= Bradford Institute for Health Research =

Research organization in England

The Bradford Institute for Health Research (BIHR) is a health research organization based at Bradford Royal Infirmary in Bradford, England. Established in 2007, it operates as a partnership between local NHS trusts and academic institutions, including the University of Bradford, University of Leeds, and University of York.

== History ==
Founded in 2007 by epidemiologist John Wright, it is headquartered at Temple Bank House on the Bradford Royal Infirmary campus. The institute emphasizes community-engaged research, particularly within Bradford’s ethnically diverse population.
== Research focus ==
BIHR conducts studies on health determinants across the lifespan, with key themes including child development, chronic disease management, and patient safety. It collaborates with the National Institute for Health and Care Research (NIHR) and hosts the NIHR Applied Research Collaboration for Yorkshire and Humber.

== Major Programs and Collaborations ==
=== Born in Bradford ===
Born in Bradford (BiB) is a longitudinal birth cohort study tracking over 30,000 children since 2007. It examines factors influencing health outcomes, such as air pollution, nutrition, and genetics. Findings have informed public health policies, including interventions targeting childhood obesity and air quality.

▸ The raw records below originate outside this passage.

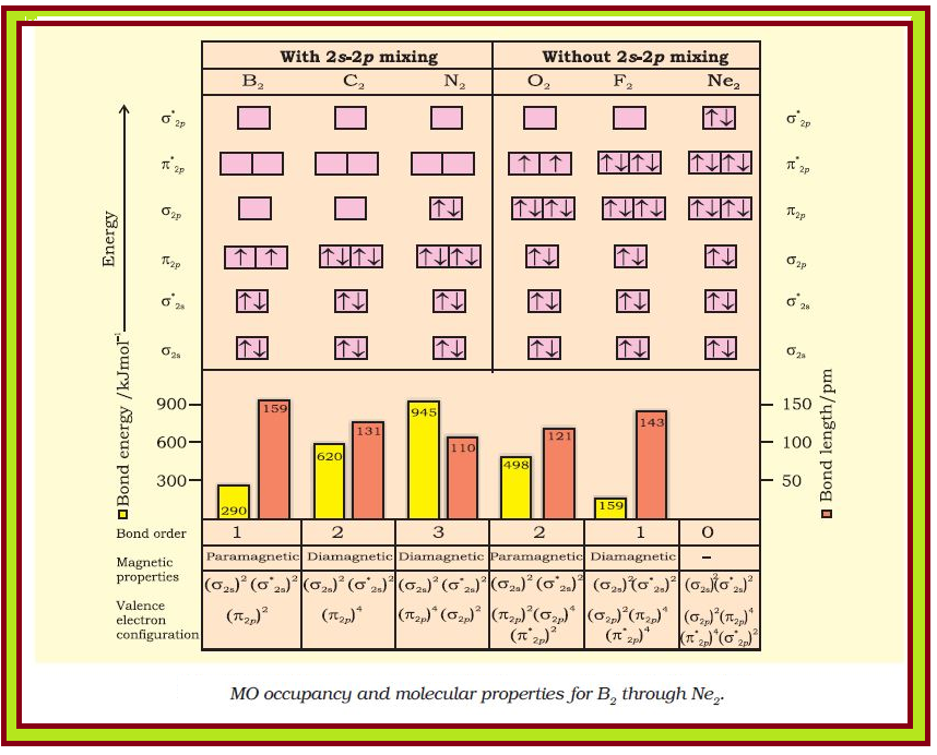 `=>` In Fig.4.21 are given the molecular orbital occupancy and molecular properties for `B_2` through `Ne_2`.
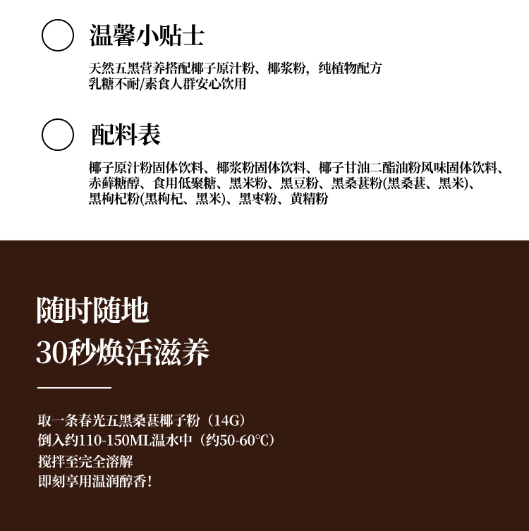 140g五黑桑葚椰子粉 零蔗糖冲调饮品食补【店长推荐 】
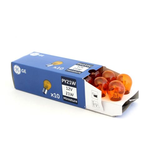 Vláknová žárovka General Electric s paticí BAU15s, žluté světlo, 21W, 12V, vhodná do předních nebo zadních směrových světel. Použití závisí na konstrukci světel vozidla. V balení 10ks.
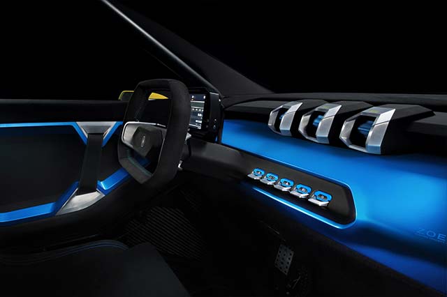 The overall design retains traditional Renault styling cues, plus elegant flourishes from higher-end high-performance models. The ZOE e-sport concept has extra-tinted windows. Its doors are opened by a simple tap on the ‘open’ zone incorporating tactile sensors.
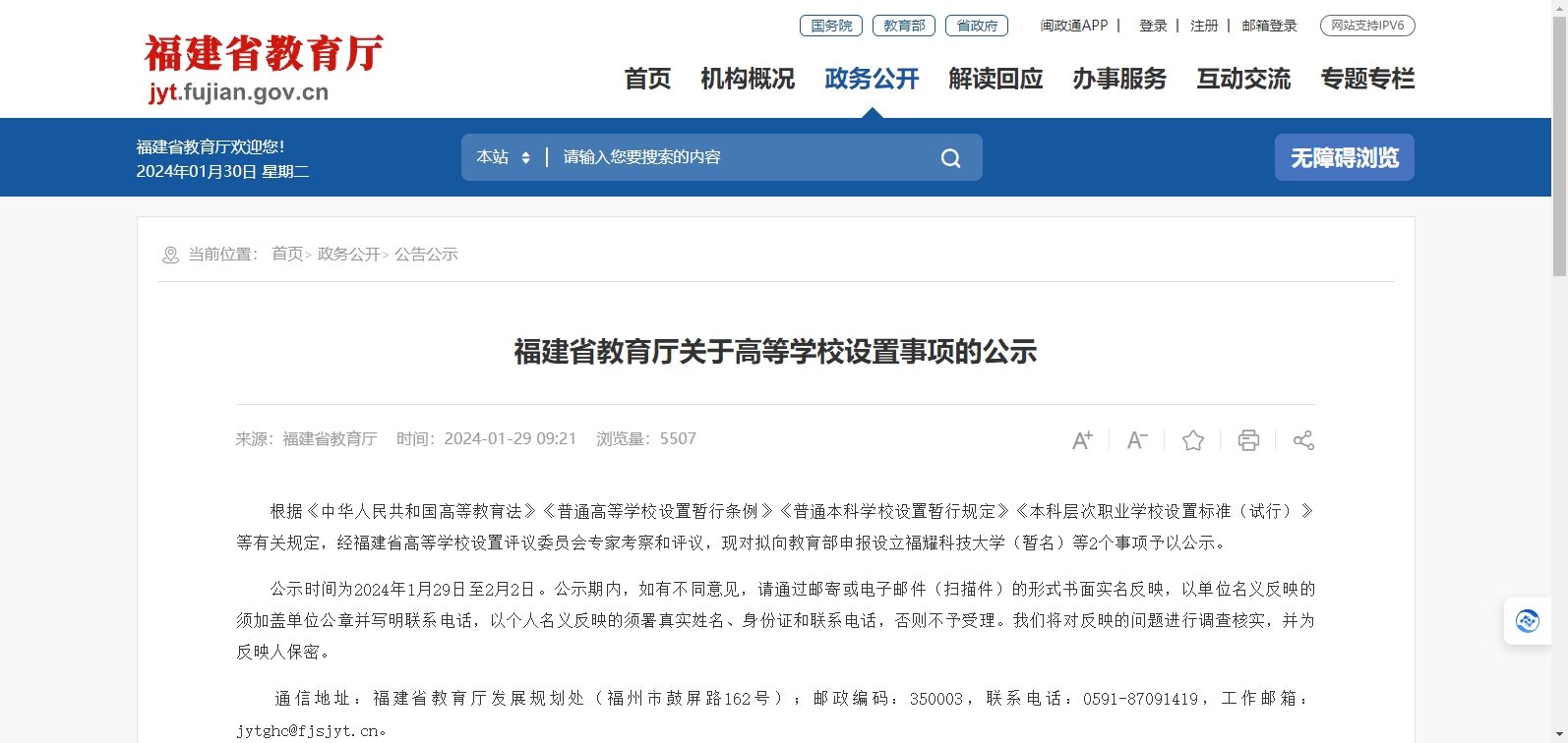 2024年1月29日,福建省教育廳官方網站發布《福建省教育廳關于高等學校設置事項的公示》。公示中稱,根據《中華人民共和國高等教育法》《普通高等學校設置暫行條例》《普通本科學校設置暫行規定》《本科層次職業學校設置標準(試行)》等有關規定,經福建省高等學校設置評議委員會專家考察和評議,現對擬向教育部申報設立福耀科技大學(暫名)等2個事項予以公示。
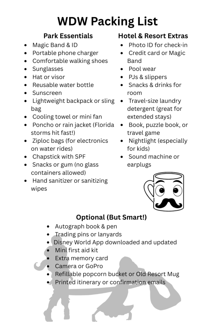 Don’t start your trip without it! This handy page helps you make sure you’ve packed the essentials — from comfy shoes to magic bands, reusable water bottles, and beyond.
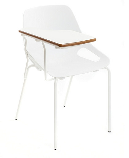 Asiento y respaldo de carcasa en polipropileno con forma anatómica. Pala realizada en MDF cubierta con estratificado alta presión, cantos redondeados y barnizados. Estructura metálica en tubo de acero. El mobiliario se pide por encargo y no es susceptible de devolución. Para casos excepcionales consultar condiciones.
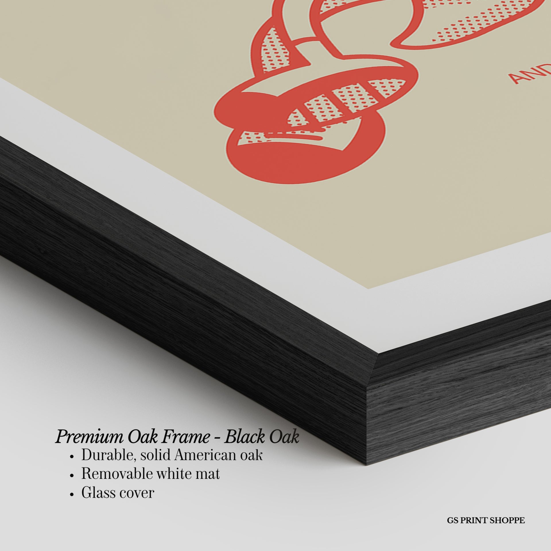 Oak Frame: Our solid oak frame blends durability with timeless appeal. Made from American oak, it features a smooth finish and plexiglass for long-lasting quality.
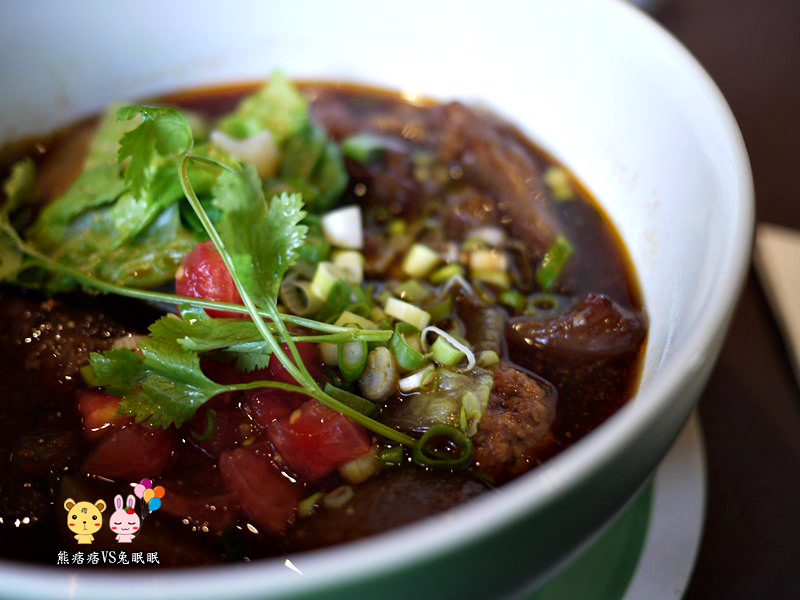 他們的湯頭是用牛骨、牛小排與一些中藥等等下去敖煮的,似乎還有些豆腐乳的感覺?還蠻好喝的,所以這碗到最後都把湯頭喝光,順便一提,這湯頭是有些小辣的唷!

=== NIHR Patient Safety Research Collaboration ===
This center, funded by the NIHR, focuses on reducing medical errors and improving care safety. Key projects include tools to reduce diagnostic delays and support healthcare workers involved in errors.

=== Wolfson Centre for Applied Health Research ===
Established in 2019 with a £1 million grant from the Wolfson Foundation, this center facilitates collaboration between clinicians and researchers. It focuses on healthy aging, childhood development, and patient safety.

=== Connected Bradford ===
A data linkage initiative integrating health, social care, and environmental records for over 1 million residents. It supports research on population health trends and service evaluation.